Print the entries below exactly as they appear, from the first line up to and including the line with "Lemari Pakaian Plastik". Do not print any pictures.
::::::::::
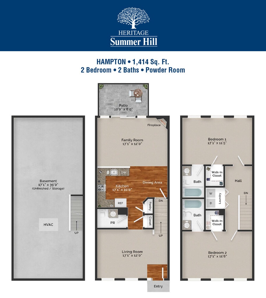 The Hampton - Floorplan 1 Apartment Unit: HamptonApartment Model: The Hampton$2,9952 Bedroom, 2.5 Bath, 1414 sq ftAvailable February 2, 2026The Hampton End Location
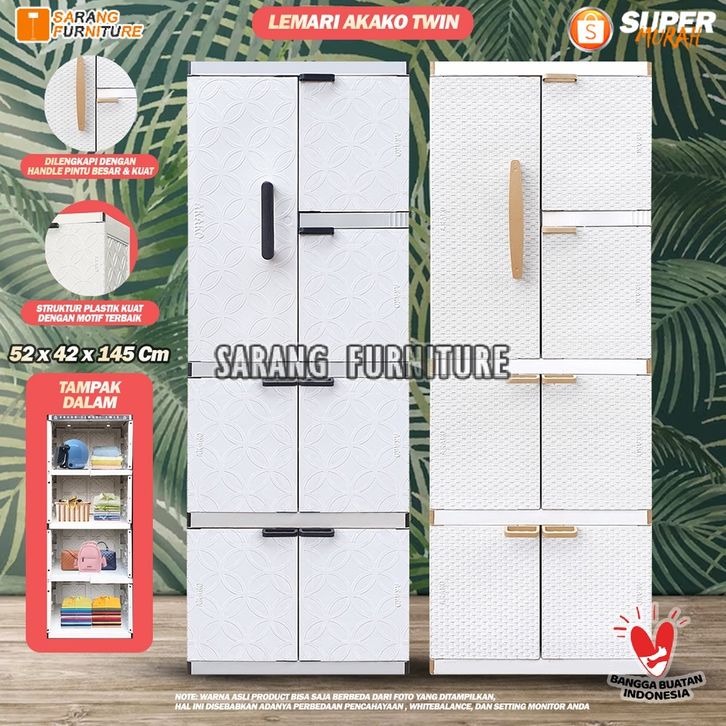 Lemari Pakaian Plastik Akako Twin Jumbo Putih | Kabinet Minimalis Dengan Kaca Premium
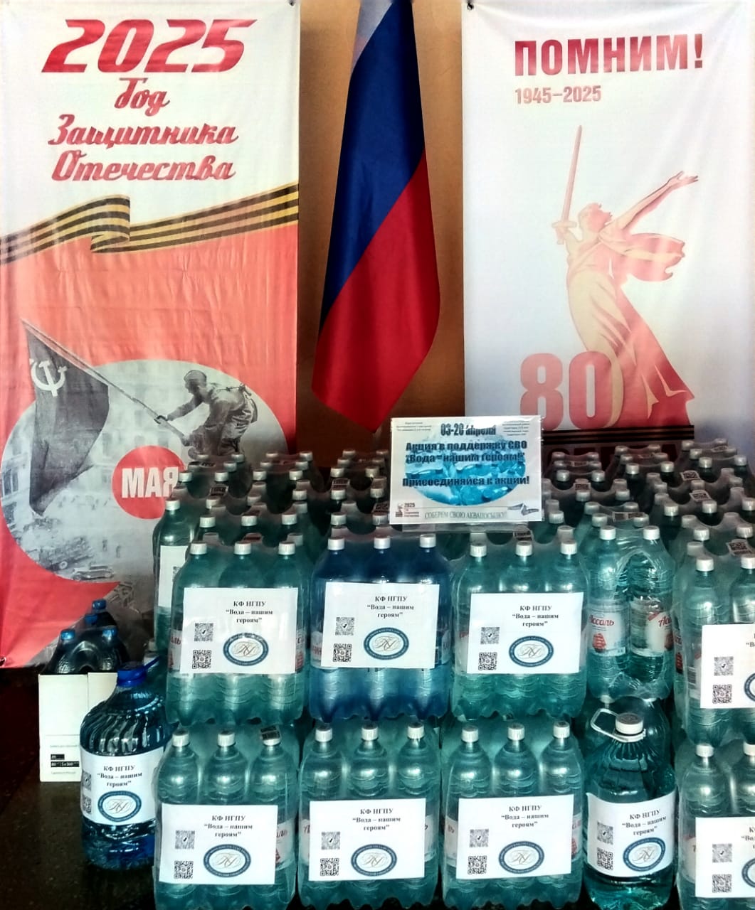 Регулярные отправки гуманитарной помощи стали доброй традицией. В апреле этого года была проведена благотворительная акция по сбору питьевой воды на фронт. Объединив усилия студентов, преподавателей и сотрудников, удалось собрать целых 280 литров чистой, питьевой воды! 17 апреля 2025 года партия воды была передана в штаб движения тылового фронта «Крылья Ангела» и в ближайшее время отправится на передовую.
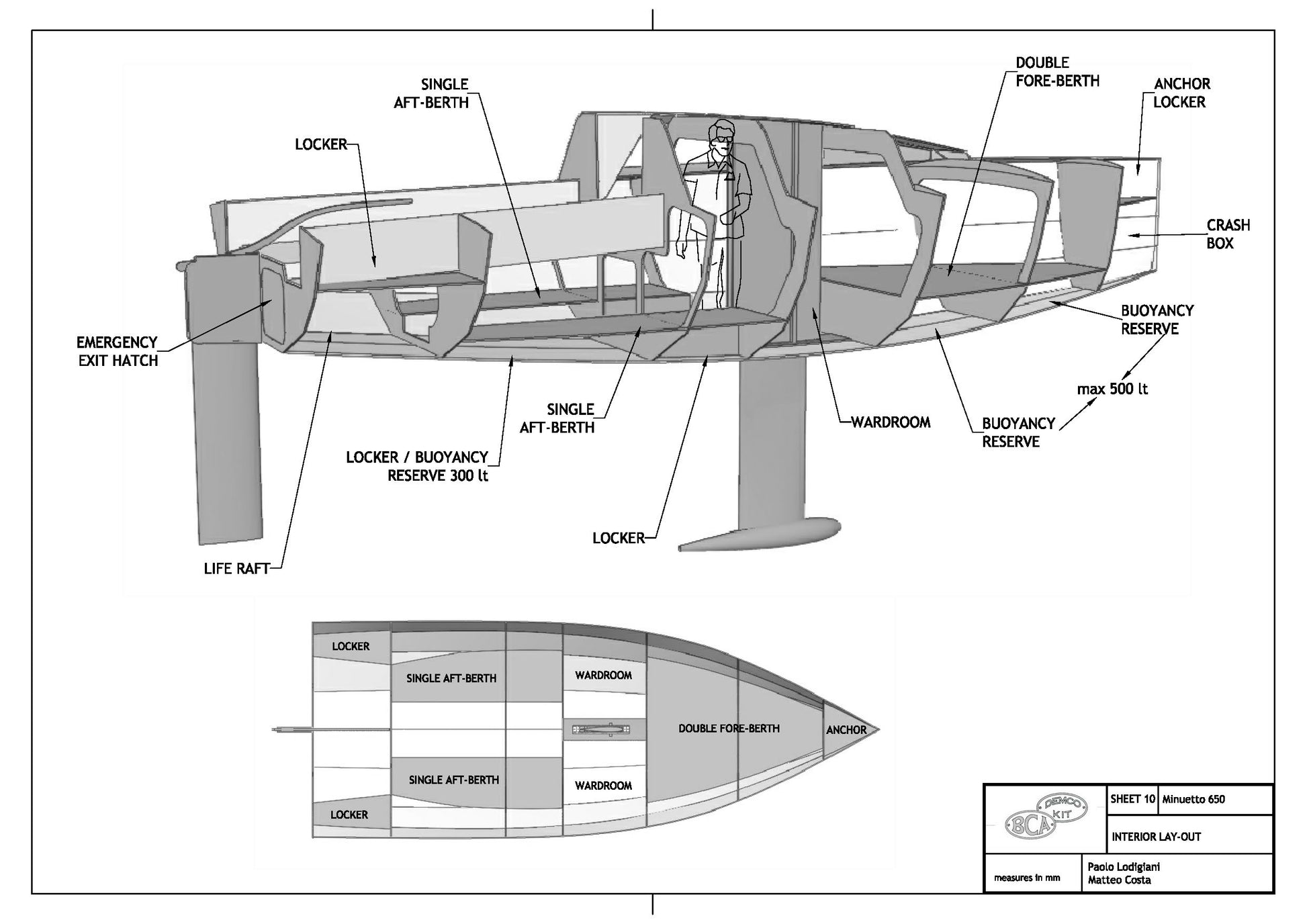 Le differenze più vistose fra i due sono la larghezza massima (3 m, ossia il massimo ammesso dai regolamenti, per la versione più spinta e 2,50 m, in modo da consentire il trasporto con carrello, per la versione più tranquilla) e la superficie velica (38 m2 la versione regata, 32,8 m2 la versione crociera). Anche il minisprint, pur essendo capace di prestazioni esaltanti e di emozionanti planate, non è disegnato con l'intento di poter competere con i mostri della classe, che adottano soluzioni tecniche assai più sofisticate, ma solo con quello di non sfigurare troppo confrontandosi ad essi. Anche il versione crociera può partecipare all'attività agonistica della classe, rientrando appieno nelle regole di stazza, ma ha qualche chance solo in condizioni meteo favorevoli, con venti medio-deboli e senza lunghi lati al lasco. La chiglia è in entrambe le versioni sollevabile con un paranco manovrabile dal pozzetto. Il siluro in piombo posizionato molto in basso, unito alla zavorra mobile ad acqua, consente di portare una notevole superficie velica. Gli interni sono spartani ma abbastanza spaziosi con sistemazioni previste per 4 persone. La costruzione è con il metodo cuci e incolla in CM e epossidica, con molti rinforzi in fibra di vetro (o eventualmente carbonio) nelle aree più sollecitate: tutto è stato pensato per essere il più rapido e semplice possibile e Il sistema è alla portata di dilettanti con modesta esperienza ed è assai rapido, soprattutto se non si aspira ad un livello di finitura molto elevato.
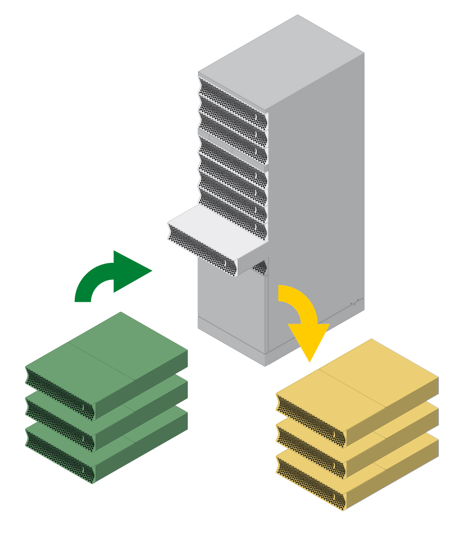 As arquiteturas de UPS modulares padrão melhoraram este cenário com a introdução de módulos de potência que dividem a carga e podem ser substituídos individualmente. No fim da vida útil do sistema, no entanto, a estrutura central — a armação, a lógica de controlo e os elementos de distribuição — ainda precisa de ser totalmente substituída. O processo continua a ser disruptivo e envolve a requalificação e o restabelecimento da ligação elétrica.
::::::::::
- **Exercise answer**
 The Hampton - Floorplan 1 Apartment Unit: HamptonApartment Model: The Hampton$2,9952 Bedroom, 2.5 Bath, 1414 sq ftAvailable February 2, 2026The Hampton End Location
 Lemari Pakaian Plastik Akako Twin Jumbo Putih | Kabinet Minimalis Dengan Kaca Premium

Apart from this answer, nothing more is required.